Your software would automatically know to search site A if the scientific name referred to a moth, site B for a bird, and site C for a plant - and you could set your preferences as to which sites those were to be, and in which order two or more were to be searched (e.g. for moths, try UK Moths first, if not found try The Global Lepidoptera Names Index).
Or supposing someone writes a long, chronologically-ordered web page about all the birds, insects, mammals and plants they saw on a wildlife safari, with lots of prose description about the paces where they saw them and the people they were with, but you want to extract a list of species, sorted into alphabetical order within taxonomic class (birds first, then insects then...) or in taxonomic order.

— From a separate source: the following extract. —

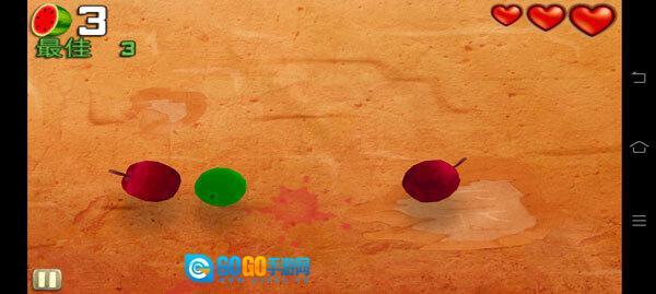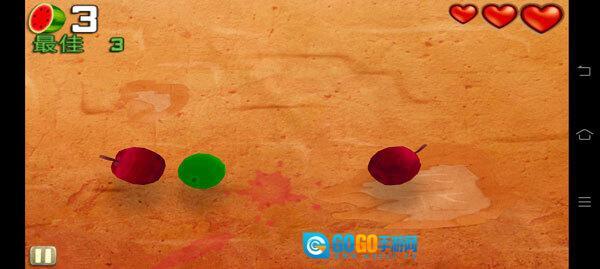 在游戏中,情况如图所示,玩家需滑动屏幕,切割从上方掉落的水果。

Those are just two of the things a "species" microformat might do for you.
Your software, or a search engine, would be able to differentiate between a pages discussing HMS Beagle, the ship, and a Beagle dog; or birds that fly as opposed to a slang term for women.
Another benefit would be that user-agents could be instructed to treat text marked up in this way as not being in the base language of the document or element in which they occur - pronunciation should be as for Latin, they should not be translated (e.g. where a component word happens also to be a valid word in that language, such as the genus Colon, Circus cyaneus, Hesperia comma, or anything with major or minor on an English-language page) and should not be spell-checked, or be spell-checked with a specialised dictionary (a need identified in this 2003 ietf-languages discussion of language values for taxonomic names).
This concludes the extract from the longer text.